Thanks a lot. I will try this one  as well.

On Tue, Apr 5, 2016 at 9:28 PM, Michael Armbrust <mich...@databricks.com>
wrote:


> The following should ensure partition pruning happens:
>
> df.write.partitionBy("country").save("/path/to/data")

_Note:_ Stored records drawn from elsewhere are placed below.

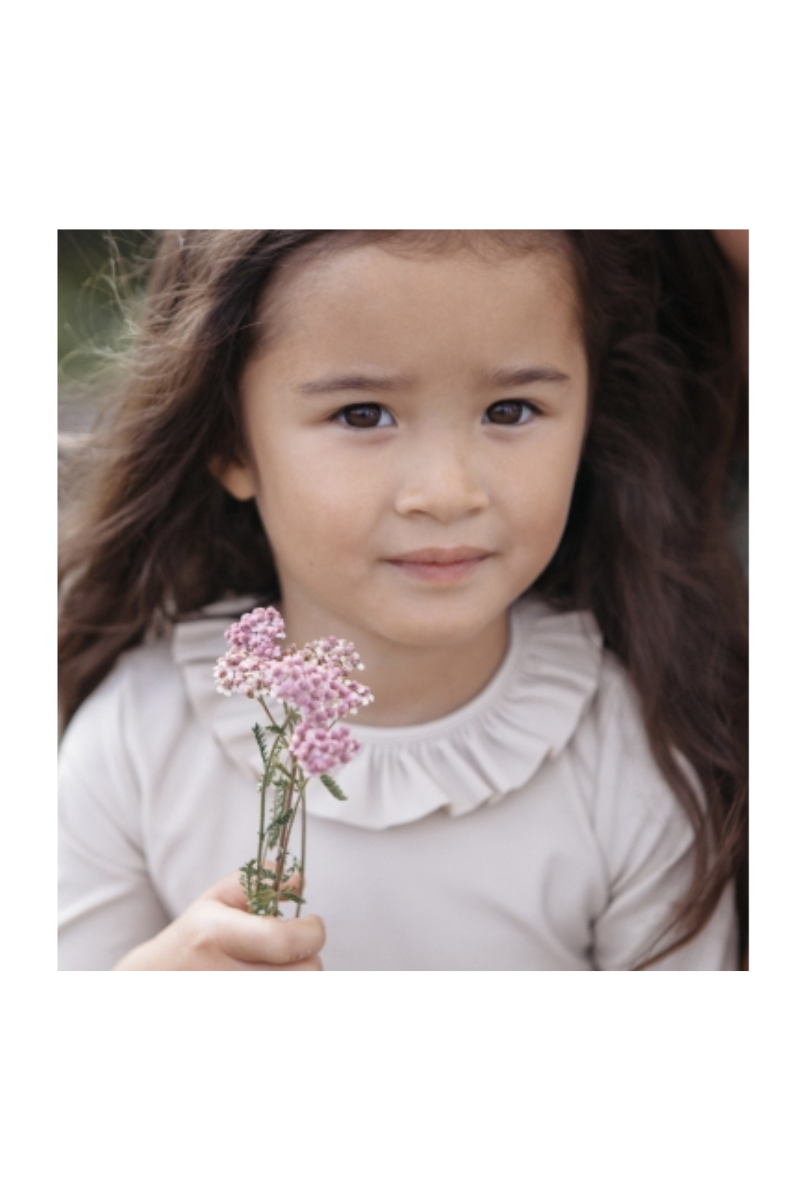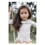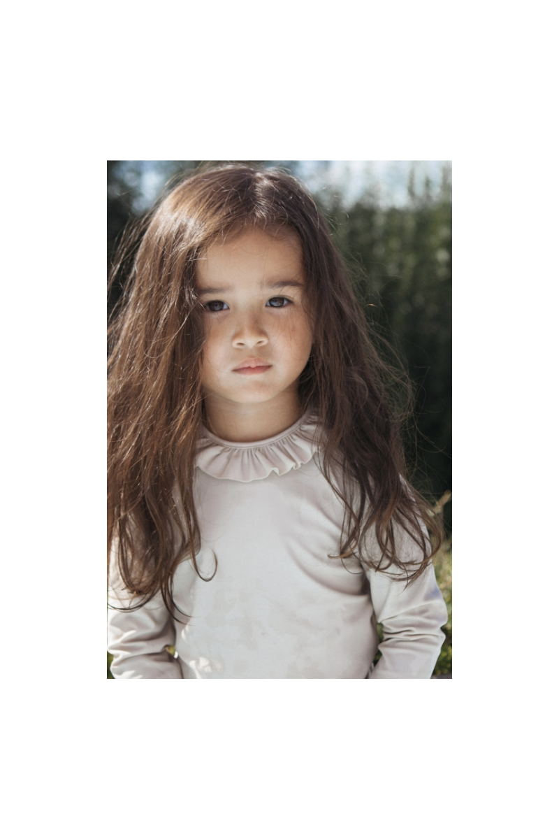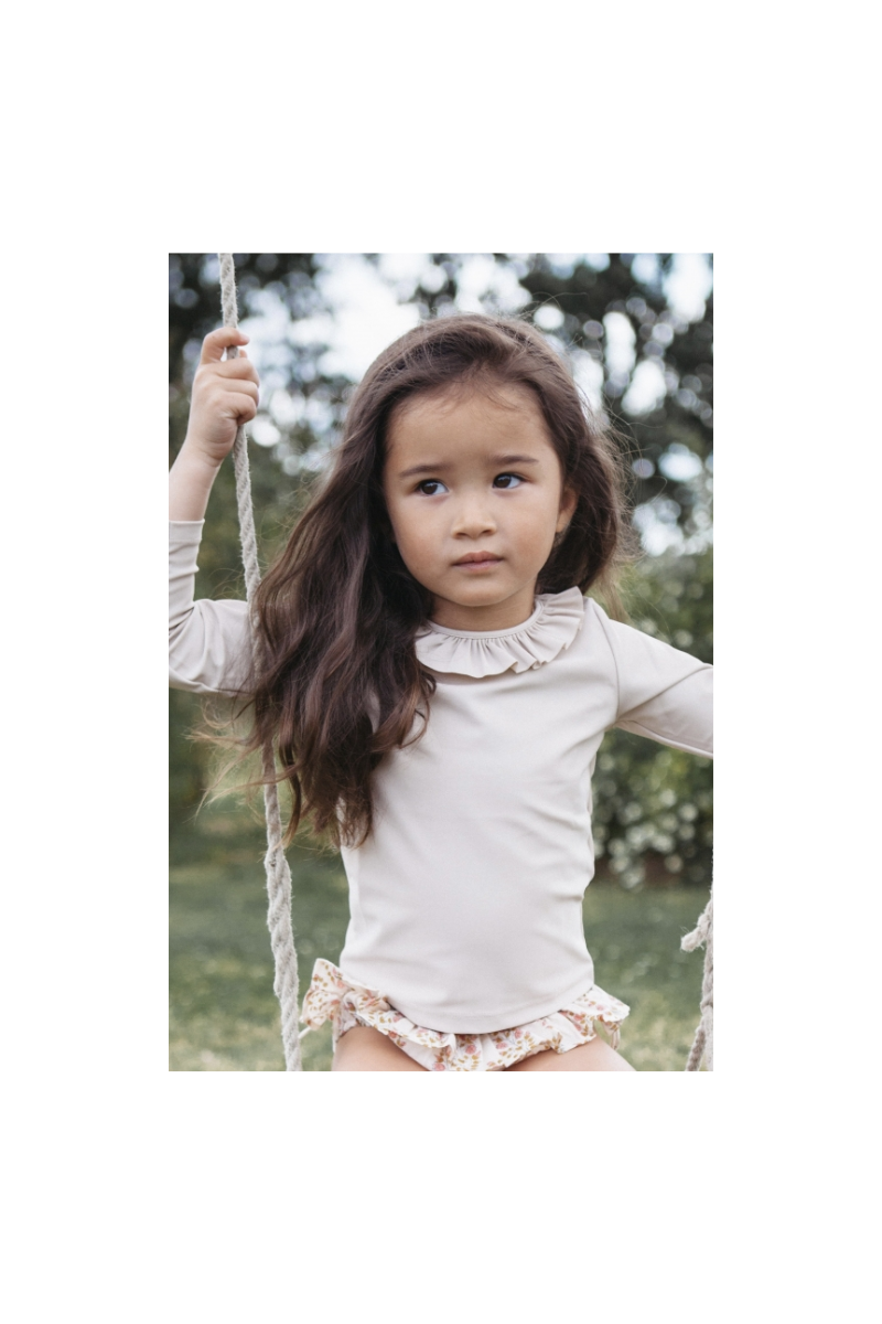 Le haut de maillot "Joe" écru protège avec style les petites épaules grâce à sa matière anti-UV. On aime son col à volants, délicatement froncé, qui apporte une touche élégante tout en restant pratique pour jouer, courir et se baigner .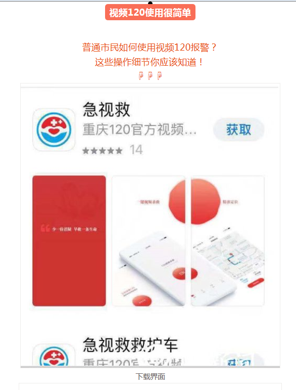 28日下午,视频120正式向重庆市民开启了下载权限,只要下载“急视救”APP,按照提示进行注册,普通人也可以利用视频120一键报警。
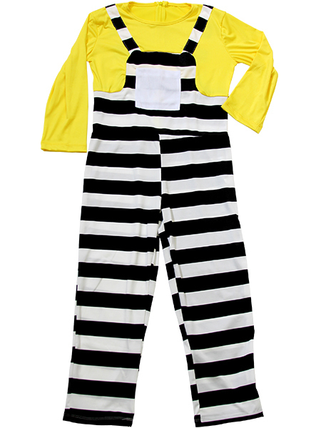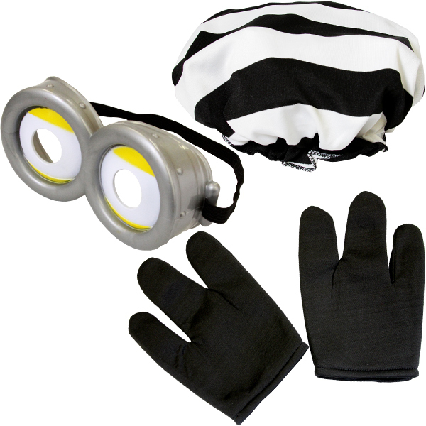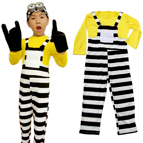 歌って踊ってにぎやかな、世界中で大人気のキャラになろう!子供用130サイズの仮装コスチュームです♪オーバーオール風のボーダー柄一連服と帽子、真っ黒な手袋にパッチリお目目がついたゴーグルのセットがあれば、子どもは皆バナナが好物なあのキャラクターに大変身!人数が多ければ多いほど、きっと盛り上がりも増すはず♪ハロウィン時期はもちろん、お子様の発表会などにも最適です!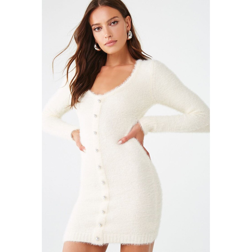 Forever 21 Women S Fuzzy Faux Pearl Sweater Dress Cream Shopee Philippines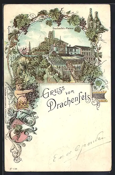 Lithographie Königswinter, Gasthaus zum Drachenfels über dem Rhein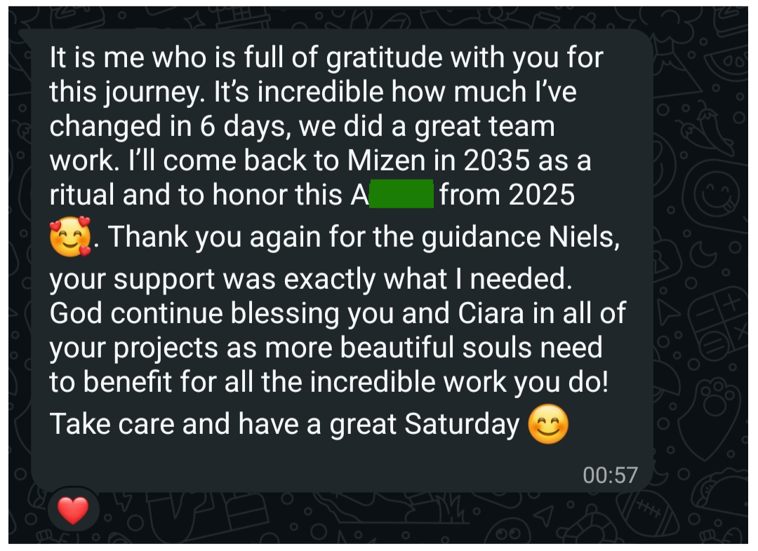 Preparation audios, stories, videos, PDFs, and exercises to deeply prepare you before you arrive, plus three months of messenger support with both Elizabeth and Niels (with weekly check-ins from Niels), a fully personalized logbook of your journey, and tailored integration resources. This means your Rite of Passage is held as a continuous process, not a single event, so you are guided both into the work and back into your life with clarity and stability. It ensures your transformation unfolds gently, coherently, and with ongoing support, instead of feeling intense and then suddenly unsupported.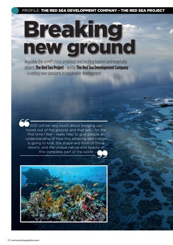 new ground Arguably the world’s most ambitious and exciting tourism and hospitality project, The Red Sea Project – led by The Red Sea Development Company – is setting new standards in sustainable development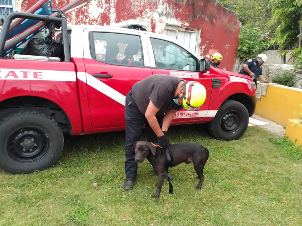 Bomberos de la SSP rescataron al Lobito, un perro que cayó en un cenote en Yaxcabá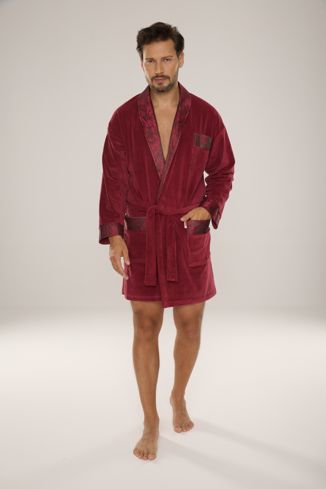 866 Noble Pánský velurový župan De Lafense - krátký, elegantní, bavlna - vínový
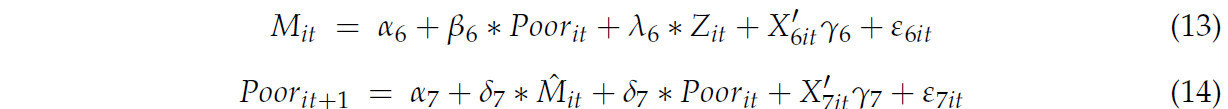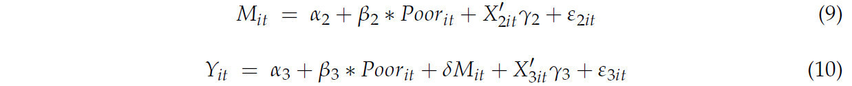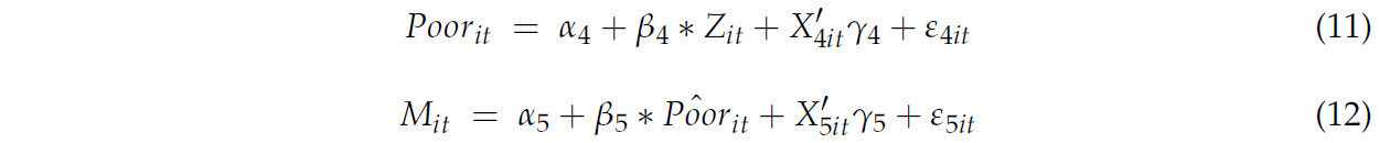Согласно шагам оценки инструментальной переменной 2SLS, уравнение (11) регрессирует независимую переменную Poor it на инструментальную переменную Z it и (12) регрессирует оцененную независимую переменную на переменную-медиатор M it . Аналогично, уравнение (13) сначала регрессирует как независимую переменную Poor it , так и инструментальную переменную Zit на переменную-медиатор M it , а затем использует оцененную переменную-медиатор и независимую переменную Poor it для регрессии зависимой переменной Poor it+ 1 , таким образом оценивая уравнение (14). Здесь, чтобы дополнительно избежать потенциальной проблемы пропущенной переменной, присутствующей в наблюдениях отдельных лиц за тот же период, а также проблемы эндогенности, вызванной причинно-следственным взаимодействием между независимыми и зависимыми переменными, зависимая переменная отстает на один период. То есть текущее психологическое состояние будет постоянно влиять на ситуацию с бедностью в следующем периоде, но исходя из условия временной причинности, ситуация с бедностью в следующем периоде не может повлиять на текущее психологическое состояние.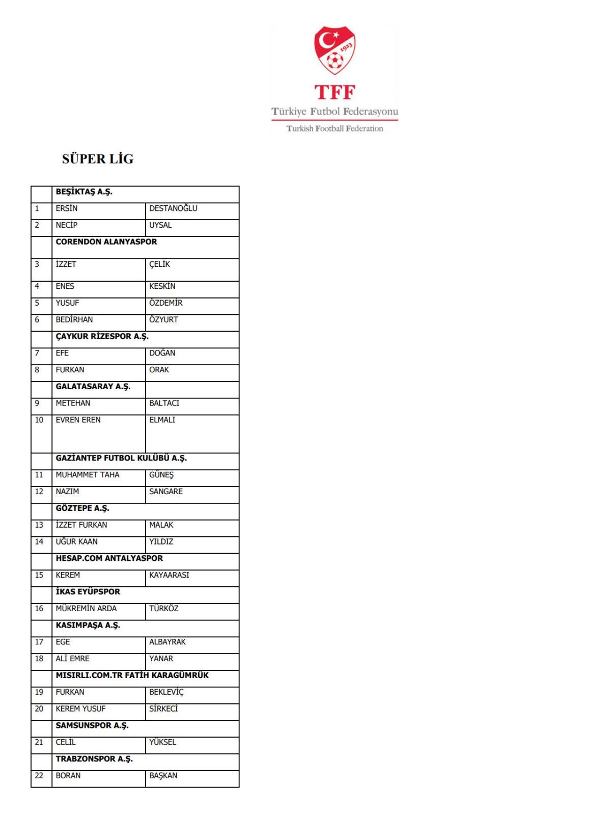 Futbol Disiplin Talimatı’nın 57. maddesi uyarınca PFDK’ya sevk edilen 1024 futbolcu aşağıda yer almaktadır.

> sqlContext.read.load("/path/to/data").where("country = 'UK'")
>
> On Tue, Apr 5, 2016 at 1:13 PM, Darshan Singh <darshan.m...@gmail.com>
> wrote:
>
>> Thanks for the reply.
>>
>> Now I saved the part_movies as parquet file.
>>
>> Then created new dataframe from the saved parquet file and I did not
>> persist it. The i ran the same query. It still read all 20 partitions and
>> this time from hdfs.
>>
>> So what will be exact scenario when it will prune partitions. I am bit
>> confused now. Isnt there a way to see the exact partition pruning?
>>
>> Thanks
>>
>> On Tue, Apr 5, 2016 at 8:59 PM, Michael Armbrust <mich...@databricks.com>
>> wrote:
>>
>>> For the in-memory cache, we still launch tasks, we just skip blocks when
>>> possible using statistics about those blocks.
>>>
>>> On Tue, Apr 5, 2016 at 12:14 PM, Darshan Singh <darshan.m...@gmail.com>
>>> wrote:
>>>
>>>> Thanks. It is not my exact scenario but I have tried to reproduce it. I
>>>> have used 1.5.2.
>>>>
>>>> I have a part-movies data-frame which has 20 partitions 1 each for a
>>>> movie.
>>>>
>>>> I created following query
>>>>
>>>>
>>>> val part_sql = sqlContext.sql("select * from part_movies where movie =
>>>> 10")
>>>> part_sql.count()
>>>>
>>>> I expect that this should just read from 1 partition i.e. partition 10.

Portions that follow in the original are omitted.